Хотя эта способность вызывать в воображении реальность, которая является исключительно мыслью, дает удивительные возможности для решения творческих и коммуникационных вопросов, это также означает, что мысли, часто полностью оторванные от реальности, могут казаться абсолютно убедительными. Символическая реальность языка во многом отвечает на вопрос, почему мы находим голос Диктатора столь убедительным даже тогда, когда он заставляет нас верить в то и делать то, что вредно для нас.
Чего нам не хватало в психологии, так это объяснения природы этой способности, откуда она взялась и как ее изменить. Это как раз то знание, которое способно отодвинуть занавес, скрывающий ум.
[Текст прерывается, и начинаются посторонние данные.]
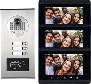 Upgrade Versions 3 Units Apartment Intercom System 7 inch Touch Monitor Video Door Phone Kits Support Ethernet Cable Connect, Single-Supply, ID Keyfobs Unlock for Home Apartment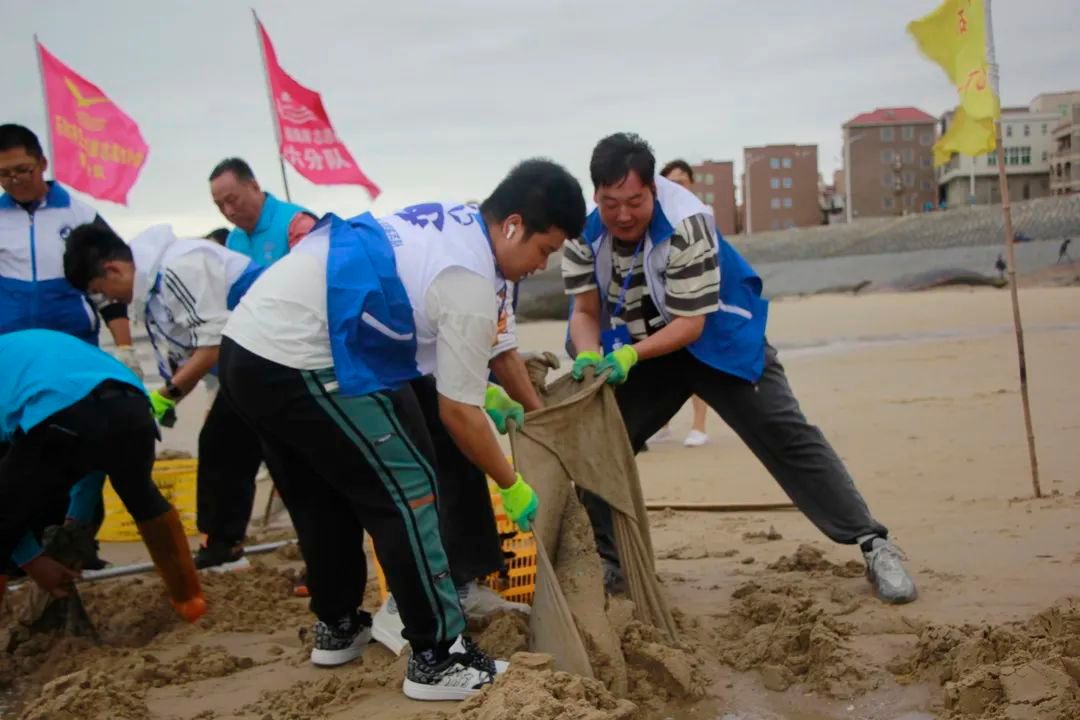 期间,志愿者们分布在海滩的各个角落,沿着海滩有序开展活动。将海滩上的生活垃圾、烟头、渔网等捡起来一一装进垃圾袋。尽管寒风凛冽,但志愿者们仍然以饱满地热情投入到工作中,他们不怕苦不怕累,将雷锋精神贯彻到底,还原海滩原有的样貌。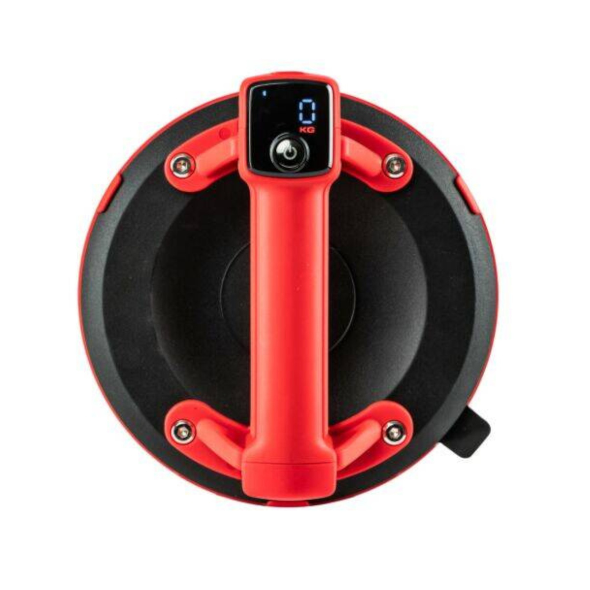 Przyssawka wyposażona została w czytelny wyświetlacz informujący o aktualnym udźwigu oraz w trwałą gumę nitrylową o średnicy 198 mm, która zapewnia pewne trzymanie transportowanego materiału. Obudowa wykonana z lekkiego tworzywa gwarantuje dobrą ergonomię i wytrzymałość. Urządzenie zasilane jest akumulatorem litowo-jonowym, co umożliwia bezprzewodową i wygodną pracę w terenie. Maksymalny udźwig pionowy wynosi aż 150 kg, co czyni przyssawkę odpowiednią do profesjonalnych zastosowań montażowych.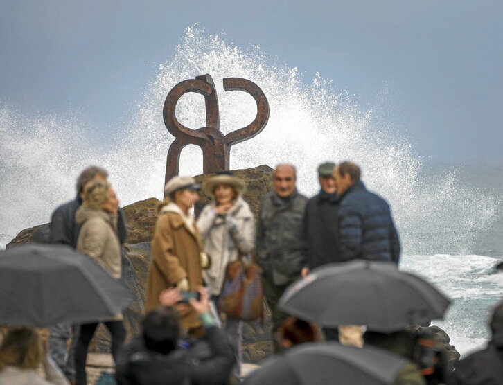 Denborale betean jaio zen Eduardo Chillida. Ilusioz kontatzen zuen ekaitz handi baten erdian iritsi zela, eta egun hartan hainbat ontzi hondoratu zirela badian. Donostiar sortzailearen mendeurrena ere ekaitz giroan etorri da. Chillidaren ametsa izan zen hain kuttuna zuen txokoan altzairuzko hiru eskulturaz osatutako obra jartzea. Bere oinordekoak -8 seme-alaba eta 27 biloba ditu- hantxe bildu ziren atzo, artista jaio zenetik ehun urte bete ziren egunean. Harro erakusten du bere haserrea Kantauri itsasoak tarteka, eta haizea orrazten jarraitzen dute eskulturek, 1977tik egin duten moduan.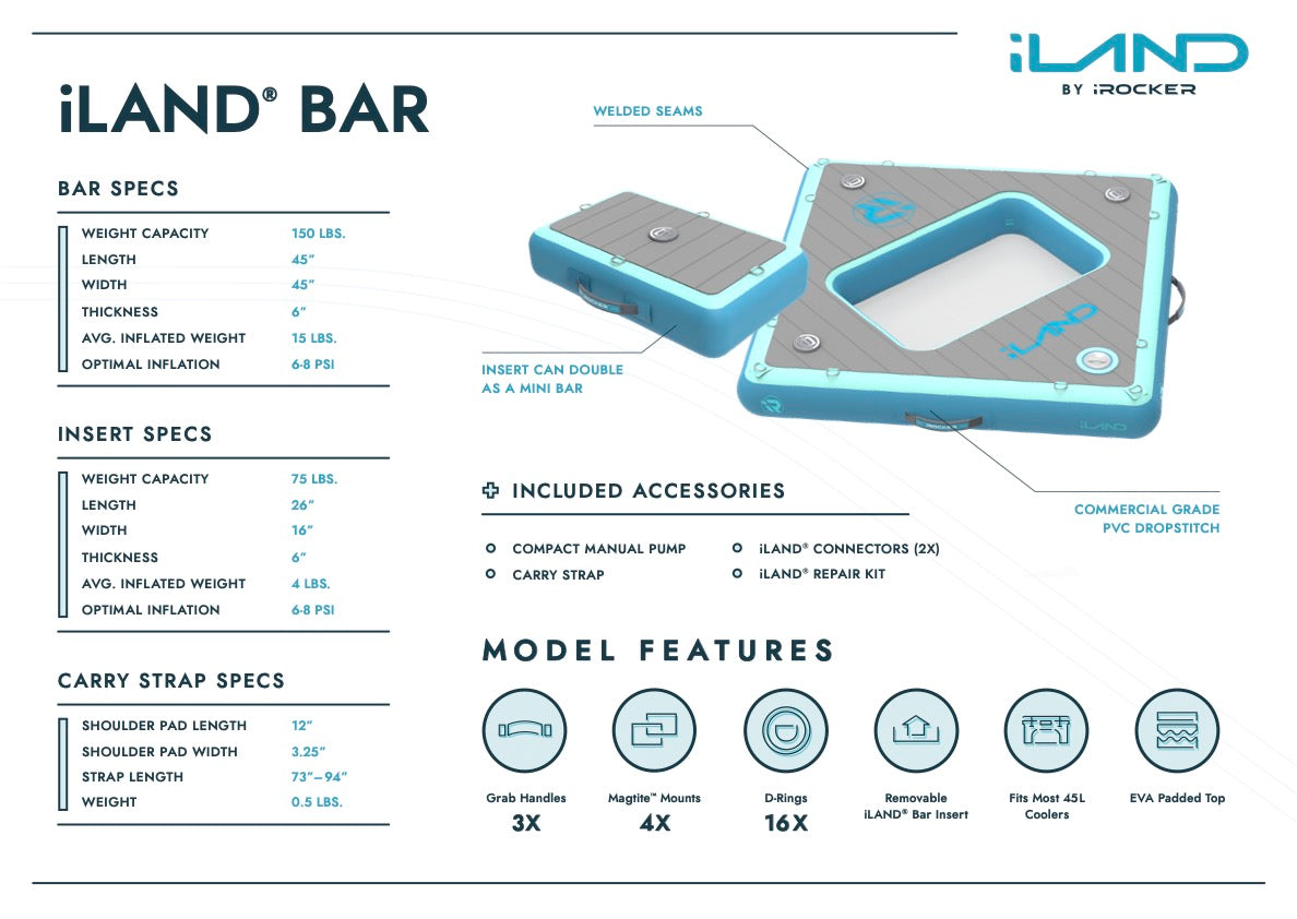 The iLAND® Bar includes an insert that nests inside for a flat surface or floats alongside as a speaker or drink holder. It’s versatile, lightweight, and adds even more utility to your water setup.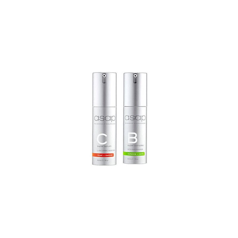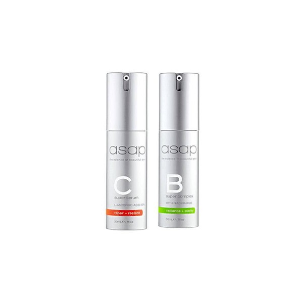 The asap Super B and C Complex 30ml Bundle includes the asap Super B Complex 30ml and the asap Super C Serum 30ml, which work together to protect the skin from pigmentation, environmental stress, reduce the signs of ageing and provide a bright, clear and even skin tone.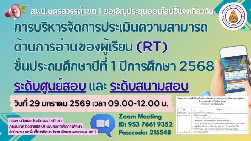 สพป.นครสวรรค์ เขต ๑ การประชุมออนไลน์ชี้แจงเกี่ยวกับการบริหารจัดการประเมินการอ่านของผู้เรียน (RT) ชั้นประถมศึกษาปีที่ ๑ ปีการศึกษา ๒๕๖๘ ระดับศูนย์สอบ และระดับสนามสอบ ของสำนักงานเขตพื้นที่การศึกษาประถมศึกษานครสวรรค์ เขต ๑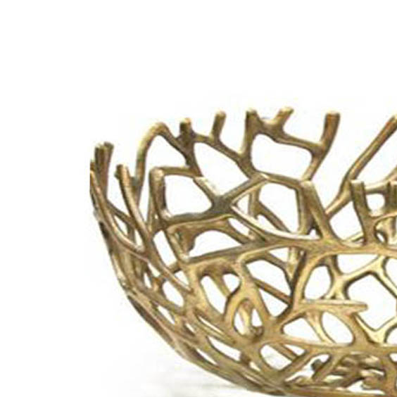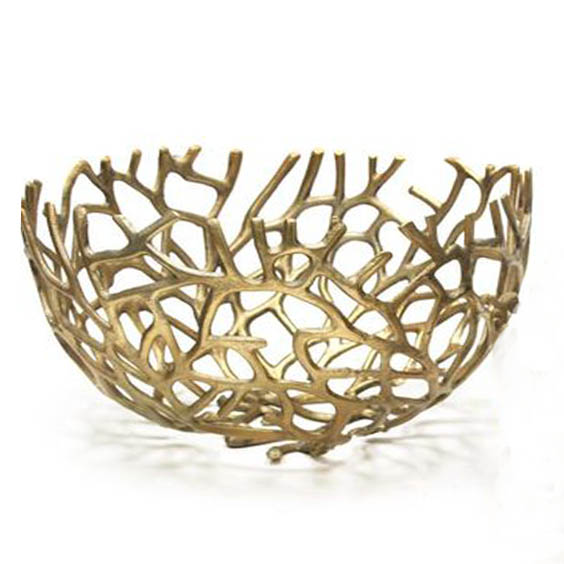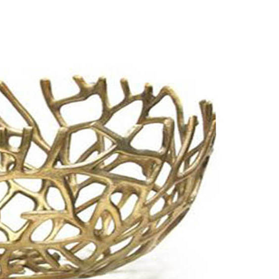 Aluminum decorative Bowls set of 2 add a luxe touch to any counter or tabletop, They are made of aluminum and feature an organic branch like open design, These bowls offering plenty of room for fruits and flower and display them empty, allowing their distinctive look to shine, these bowls complete the look in any contemporary or glam setting, finish gold EPL , Industrial Style Metal Bowl with Intricate Mesh Design, Crafted completely from Aluminum for long durability, These Bowls when placed your table, dinning table will add enchanting charm to your existing decor, Metal Serving Platter, Latest designer Platters, Serving dishes, rough cast metal serving fruits bowl,decorative metal fruits bowl for Modern day twigs round metal fruits Bowl with Gold Finish Designed By Western Trend.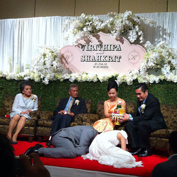 คู่บ่าวสาว ในชุดงานพิธีหมั้น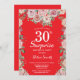 Invitation Fleurs roses de pivoines surprises 30e anniversaire rouge pour femmes. Fleur florale aquarelle. Fleurs élégantes de rose et de pivoine roses. Anniversaire adulte. Fond rouge. 13e 15e 16e 18e 20e 21e 30e 40e 50e 60e 70e 80e 90e 100e, tous âges. Pour une personnalisation supplémentaire, veuillez cliquer sur le bouton "Personnaliser" et utiliser notre outil de conception pour modifier ce modèle.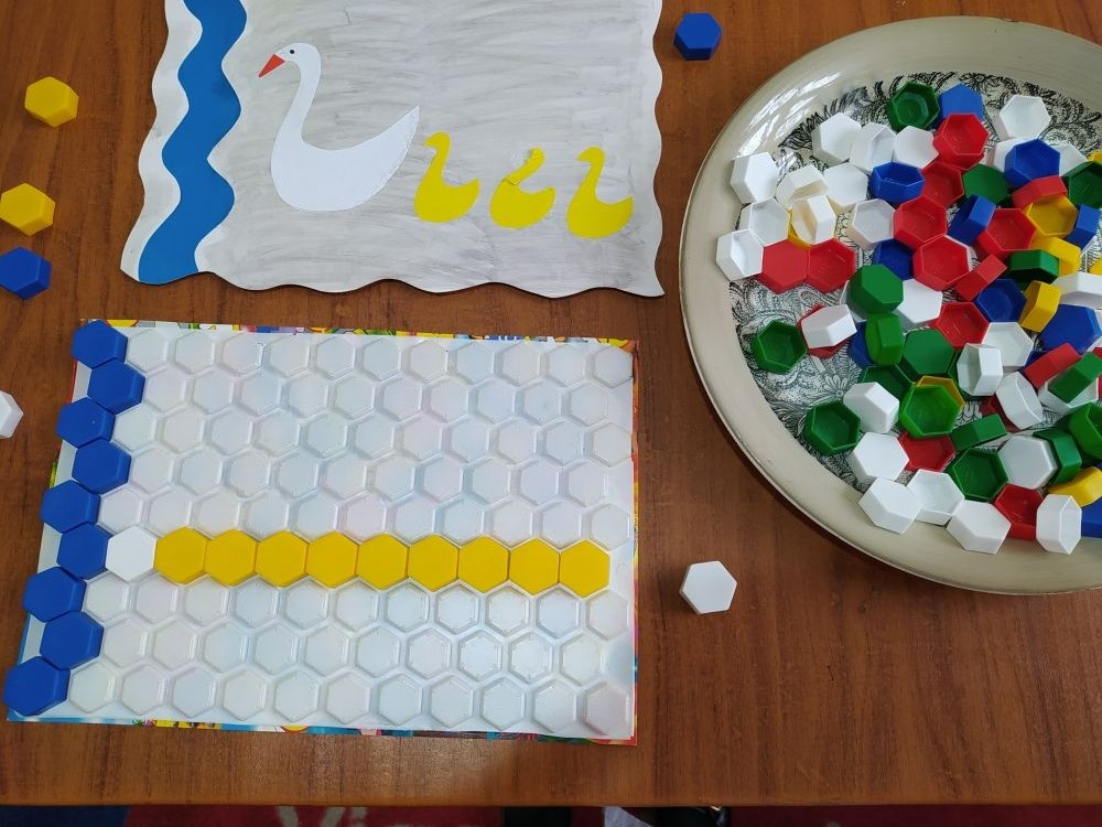 Выкладывание из мозаики на тему «Гуси с гусятами»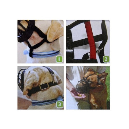 Le maintien en place de la muselière est garanti par des sangles ajustables rembourrées en néoprène présentant trois points de fixation pour plus de sécurité.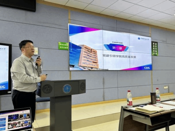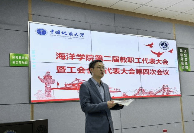 院长孙军代表班子做学院2024年度工作暨班子述职报告和财务工作报告。学院2024年锚定“提质增效年”发展主线,以习近平新时代中国特色社会主义思想为指引,统筹推进党的建设与事业发展深度融合;坚持全面从严治党主基调,深入开展党纪学习教育,制定《党纪学习教育实施方案》并创新打造“清廉地大读书角”;科学研究取得突破性进展,年均科研经费位居学校前列,学院教授牵头获批国家重点研发专项,多名教师斩获自然资源部科技进步奖,学院教师参与南海冷泉深潜、南极联合考察等重大任务;教育教学质量显著提升,新增多项省级教改项目,入选省级一流课程,研究生双一流生源率创新高;人才引育成效凸显,学院教师蝉联“全球前2%顶尖科学家”,多名教师获评“研究生的良师益友”;学生发展呈现多元活力,本科生团队连续三年斩获省级创新创业金奖,全年开展多场文体科普活动,构建起“心理帮扶-发展型资助-精准就业”全链条育人体系;学院全年以建设国际知名涉海研究型学院为目标,在海洋强国战略实践中彰显地大担当,为教育现代化注入强劲动能。

Вместе с растущей группой коллег мы потратили более трех десятилетий на проведение исследований, чтобы попытаться ответить на эти вопросы. Разработав комплексный подход к изучению языка и символического мышления, мы использовали результаты этого исследования в методах обучения детей языку, логическому мышлению и решению проблем, с одной стороны, и, с другой стороны, в методах, позволяющих разрушить чары, которые мысли имеют над нами и нашими действиями. Наши исследования проясняют, почему кажущийся логичным подход к очистке мыслей, часто пропагандируемый в психотерапии, может выглядеть примерно так же, как попытка аккуратно расправить паутину, чтобы она не выглядела слишком неряшливо.
То, как мы учимся языку, объясняет силу Диктатора. И основной вывод нашего исследования гласит, что обучение человеческому языку происходит не так, как это описывали теоретики языка в течение трехсот лет.
Ложная идея доминировала в изучении усвоения языка, и суть ее была в том, что смысл выводится из процесса ассоциации по типу выделения слюны у собаки Павлова при звуке колокольчика, предшествующем кормлению. Как только эта ассоциация была прочно установлена, собака пускала слюни при звуке колокольчика, даже если никакой еды не появлялось.